Pfeiffer Syndrome is a very rare autosomal dominant genetic disorder characterized by the premature closure of the sutures and bones of the skull resulting in abnormal skull shape. It also may manifest big toes and broad and deviated thumbs with partial webbed features of the fingers and toes. It is named after Rudolf Arthur Pfeiffer who discovered the incidence of the symptoms in 1964. It occurs once in every 100,000 births with a 50% probability of passing to an offspring in carrier parents.

According to studies, this syndrome has no marked association with any activity during pregnancy. However, it has a marked link to children of older fathers. It is caused by the mutation of FGFR (fibroblast growth factor) 1 and 2 that plays an important role as a signaling mechanism in cell division and maturity.
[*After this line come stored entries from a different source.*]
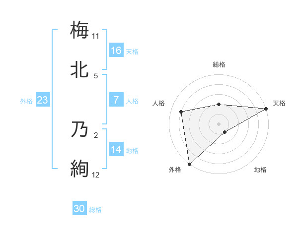 梅北 乃絢さんの外格は23画の5点!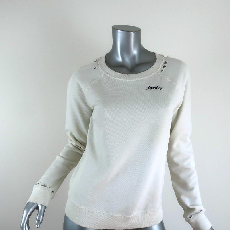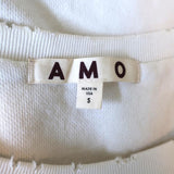 AMO Loved Sweatshirt White Distressed Cotton Size Small Crewneck Pullover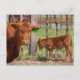 Gran expresión de una vaca madre cuando su bebé golpea la cabeza en un post.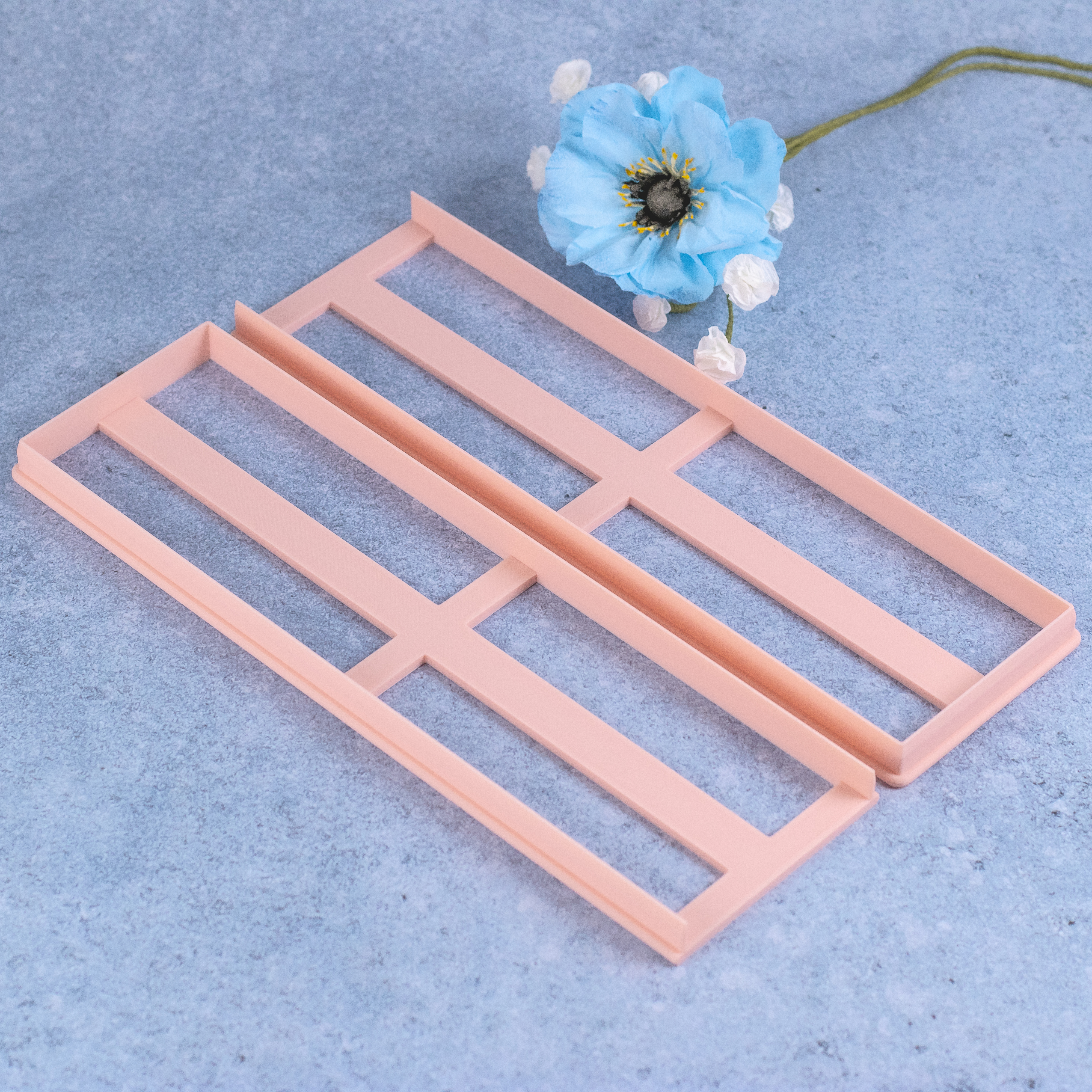 Nogle skabeloner er delt i to udstikkere, da de ellers bliver for lange til at printe. Disse 2-delte skabeloner, udstikker kun hver på 3 sider, og sættes op ad hinanden når der udstikkes, så den fulde skabelon udstikkes som ét stykke.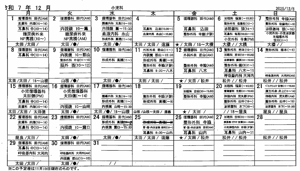 | 乳児検診 | 毎週水(午前) |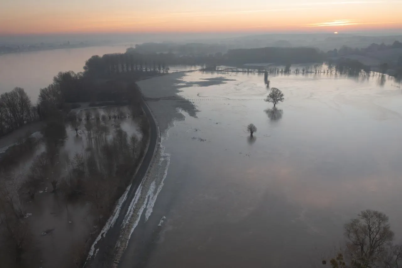 La Loire sortait de son lit en janvier dernier, ici au lever du jour à Blaison-Saint-Sulpice. © Archives CO – Josselin CLAIR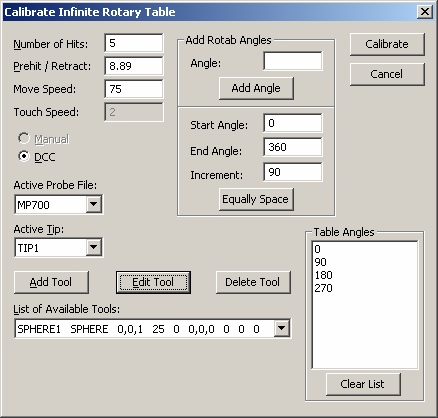 새 조정 도구를 정의하기 위해 도구 추가 를 클릭하거나 기존 조정 도구를 변경하기 위해 도구 수정 을 클릭한다. 상세 정보는, PC-DMIS 핵심 문서의 "하드웨어를 정의" 장에서 "도구 추가" 항목을 본다. 도구의 위치는 기계 좌표에서 회전 테이블의 영도에 있다. 도구 위치를 결정하기위해, 프로브의 "상단" 가까이서 프로브를 이동하고 계수기를 읽은 다음 프로브 반경을 축 중 하나에 더하거나 뺀다. 마지막 단계는 테이블과 관련된 프로브의 방향에 따라 달라진다.

Types and Associated Symptoms

The categories of this symptom are based solely on the severity of the associated manifestations:

  • Type 1 – they have the premature closure of the cranial bones and sutures, buried cheekbones, and finger and toe abnormalities like syndactyly or webbedness. Hydrocephalus is also a common symptom mostly with associated hearing loss. However, the functioning of the brain in this type is normal.
  • Type 2 – they have cloverleaf shaped skull due to a very complex premature closure of the bones that may lead to mental retardation and limited brain growth. They also have protruded eyes known as proptosis causing vision problems. They have toe and finger abnormalities and fusion of the elbow and knee joints known as ankylosis. Developmental delays are very common in this type.
  • Type 3 – they have similar symptoms of the second type except the cloverleaf skull.

Prevention

This is based slowly on genetic counseling because most symptoms are not found during prenatal screening. The disease is only diagnosed when the symptoms have already manifested and found which is after the birth of the child.

Treatment

There is no known cure for this disease that treatment is geared towards alleviating of the symptoms. Most care usually begins at birth with the diagnosis of the disease and continues on the identification of the needs of the child and options of proper treatment centers. Most cases require specialist care because of the interconnected symptoms that affect several parts of the body. A multidisciplinary craniofacial team would be needed to correct deformities in the skull and face through surgery. The team would usually be composed of neurosurgeon, dentist, plastic surgeon, orthodontist, otolaryngologist, audiologist, speech pathologist, geneticist and pediatrician. Such need and visits to these specialists may continue up to several years in the life of the child in order to achieve the nearest point to normalcy. Surgeries for the webbed fingers and foot as well as ankylosis of the joints of the knees and elbows may be necessary too.

Prognosis however is dependent on the symptoms manifested.  Those with type 1 Pfeiffer syndrome have a better chance of survival than those with type 2 and 3.